======== EXERCISE DATA

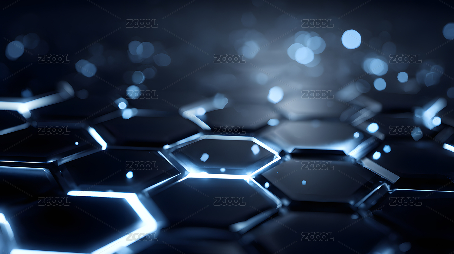 蓝色发光的六边形网格背景
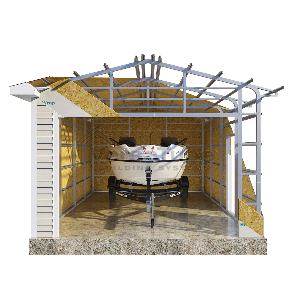 The required side girt components in the Summit design result in a more substantial building frame and allow for the use of plywood or OSB for vinyl or other siding products. And assembly time is drastically reduced with our patented Slip-Fit frame connections.
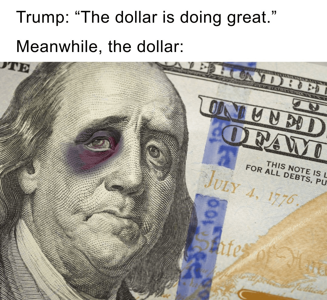 **Market Irony Strikes Again** The U.S. dollar experienced an immediate decline following President Trump's public statement that the currency is performing well. The incident highlights a recurring pattern where presidential reassurances about economic indicators often precede opposite market movements. **Key Points:** - Trump declared the dollar was doing great - Currency value dropped shortly after the statement - Pattern echoes previous Trump-related market volatility, including a 40% crypto plunge in 26 minutes last December The timing suggests markets may be reacting skeptically to official optimism, or that underlying economic concerns outweigh verbal reassurances. This follows a trend of Trump-related assets experiencing sharp volatility in response to public statements. [Read full analysis](https://wallstmemes.com/news/stonks/trump-just-said-the-dollar-is-doing-great-and-it-immediately-took-a-nose-dive/?utm_source=Twitter&utm_medium=Wallstmemes+-+Twitter&utm_campaign=Articles)
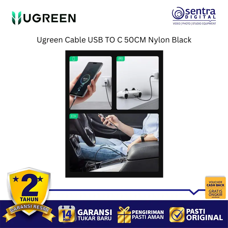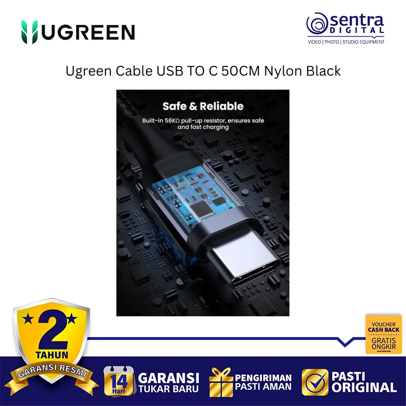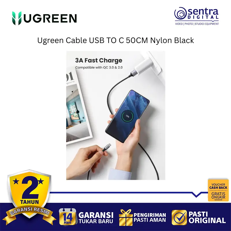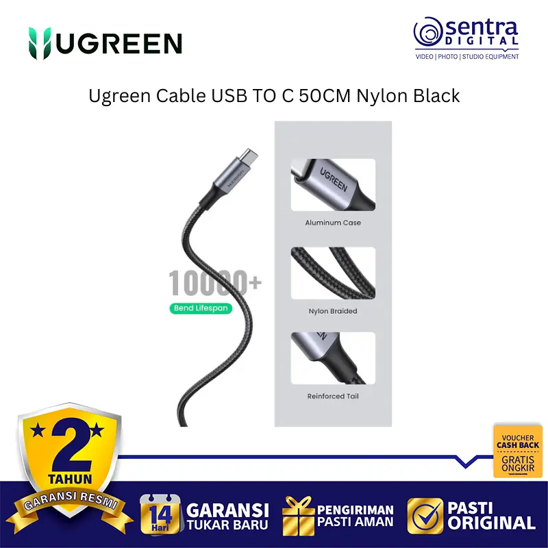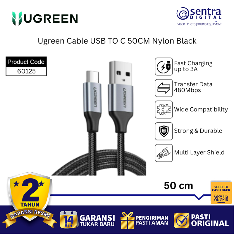 Ugreen Cable USB TO C 50CM Nylon Black (60125) adalah kabel data dan pengisian daya dari USB Type-A ke USB Type-C dengan panjang 50 cm yang ringkas. Dirancang untuk daya tahan ekstra, kabel ini dibungkus dengan lapisan Nylon Braided (rajutan nilon) yang membuatnya lebih kuat, anti-kusut, dan tahan terhadap tekukan. Ideal untuk penggunaan di mana pun Anda membutuhkan kabel pendek, seperti untuk power bank atau menghubungkan ke laptop.

================

WORK TO BE COMPLETED =
Copy the data precisely. Skip every picture.

OUTPUT =
 蓝色发光的六边形网格背景
 The required side girt components in the Summit design result in a more substantial building frame and allow for the use of plywood or OSB for vinyl or other siding products. And assembly time is drastically reduced with our patented Slip-Fit frame connections.
 **Market Irony Strikes Again** The U.S. dollar experienced an immediate decline following President Trump's public statement that the currency is performing well. The incident highlights a recurring pattern where presidential reassurances about economic indicators often precede opposite market movements. **Key Points:** - Trump declared the dollar was doing great - Currency value dropped shortly after the statement - Pattern echoes previous Trump-related market volatility, including a 40% crypto plunge in 26 minutes last December The timing suggests markets may be reacting skeptically to official optimism, or that underlying economic concerns outweigh verbal reassurances. This follows a trend of Trump-related assets experiencing sharp volatility in response to public statements. [Read full analysis](https://wallstmemes.com/news/stonks/trump-just-said-the-dollar-is-doing-great-and-it-immediately-took-a-nose-dive/?utm_source=Twitter&utm_medium=Wallstmemes+-+Twitter&utm_campaign=Articles)
 Ugreen Cable USB TO C 50CM Nylon Black (60125) adalah kabel data dan pengisian daya dari USB Type-A ke USB Type-C dengan panjang 50 cm yang ringkas. Dirancang untuk daya tahan ekstra, kabel ini dibungkus dengan lapisan Nylon Braided (rajutan nilon) yang membuatnya lebih kuat, anti-kusut, dan tahan terhadap tekukan. Ideal untuk penggunaan di mana pun Anda membutuhkan kabel pendek, seperti untuk power bank atau menghubungkan ke laptop.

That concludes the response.